G. PASCOLI: X agosto

San Lorenzo , io lo so perché tanto
di stelle per l’aria tranquilla
arde e cade, perché si gran pianto
nel concavo cielo sfavilla.

Ritornava una rondine al tetto :
l’uccisero: cadde tra i spini;
ella aveva nel becco un insetto:
la cena dei suoi rondinini.

Ora è là, come in croce, che tende
quel verme a quel cielo lontano;
e il suo nido è nell’ombra, che attende,
che pigola sempre più piano.

Anche un uomo tornava al suo nido:
l’uccisero: disse: Perdono ;
e restò negli aperti occhi un grido:
portava due bambole in dono.

Ora là, nella casa romita,
lo aspettano, aspettano in vano:
egli immobile, attonito, addita
le bambole al cielo lontano.

E tu, Cielo, dall’alto dei mondi
sereni, infinito, immortale,
oh! d’un pianto di stelle lo inondi
quest’atomo opaco del Male

È una delle più belle poesie composte dal poeta romagnolo. La data del 10 agosto per lui aveva un significato speciale: gli rievocava la morte dell’amatissimo padre che fu ucciso da mano ignota mentre tornava a casa dal consueto giro nella tenuta dei principi di Torlonia di cui era amministratore. Il piccolo Giovanni, quel 10 agosto 1867, aveva soltanto dodici anni e quel tragico evento condizionò la sua vita futura.

Il trauma della morte del padre portò il poeta a chiudersi nel proprio “nido”, quello costituito dalle sue donne, la madre e le due sorelle rimaste, dopo la morte di un’altra sorella e dei due fratelli.
Il “nido” nella simbologia pascoliana rimanda chiaramente alla famiglia, è un luogo protetto in cui nulla di male può accadere se correttamente salvaguardato. Lo spazio esterno, al contrario, rappresentava per Pascoli, proprio a causa del trauma infantile, il pericolo.

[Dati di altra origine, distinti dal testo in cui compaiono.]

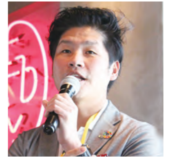
株式会社シー・アール・エム 代表取締役

みなさん、「リンゲルマン効果」という心理学用語をご存じでしょうか？答えを先に言いますと、「個人で作業するよりも集団で作業するほうが、一人ひとりの能力が低下する」現象をいい、「社会的手抜き」ともいわれています。要するに、「人間は集団になればなるほど、手抜きをする」という心理です。小学校の運動会で、徒競走の経験は誰でもあるかと思いますが。徒競走は、責任も成果も、100%個人にあります。では、綱引きだったらどうでしょうか？40人のクラス対抗で綱引きしたとき、無意識に少し力を抜いた経験はないでしょうか？私があります(笑)。

Una specie di trappola mortale da cui non si ritorna più al focolare domestico.

Il microcosmo protetto di Pascoli, rappresentato dalla campagna, si contrappone alla città, caratterizzata dal vizio e dalla perdita della moralità da parte dei cittadini che vivono freneticamente alla ricerca del successo e delbenessere economico. In campagna, al contrario, la vita semplice e il contatto con la natura favorisce, secondo il poeta, la conservazione di quello stato fanciullesco che permette agli uomini, pur divenendo adulti, di guardare con occhi stupiti e con curiosità sempre nuova il mondo che li circonda.

Il mito della campagna, così spiegato, sembra in contraddizione con quell’evento luttuoso accaduto il 10 agosto 1867. Il padre di Giovanni, infatti, fu ucciso da una fucilata in mezzo ai campi. Il suo sguardo rivolto al cielo, come quello della rondine, sembra celare un urlo di muto dolore, causato dalla consapevolezza di non poter vedere mai più la famiglia, le bambine per cui aveva acquistato le bambole come dono. Allo stesso modo, la rondine non potrà più tornare al nido per sfamare i piccoli che, inevitabilmente, saranno abbandonati. Curioso, ma strettamente legato alla simbologia pascoliana, lo scambio dei termini, “tetto” (che è anche una metonimia) riferito all’animale e “nido” per casa, e l’identificazione del “cielo” come il luogo privilegiato post mortem, cui entrambi, l’uomo e l’uccello, rivolgono lo sguardo, tendendo verso l’alto il cibo e i doni.

La notte di san Lorenzo, con le sue stelle cadenti, rappresenta, dunque, per Pascoli il momento di dolore, una sofferenza che non è solo sua ma che supera l’individualismo per unire l’umanità stessa in un pianto collettivo. Le stelle cadono come lacrime su quel mondo che, non solo per la sua vita travagliata ma per un dolore universale, Giovanni riconosce come un atomo opaco del male.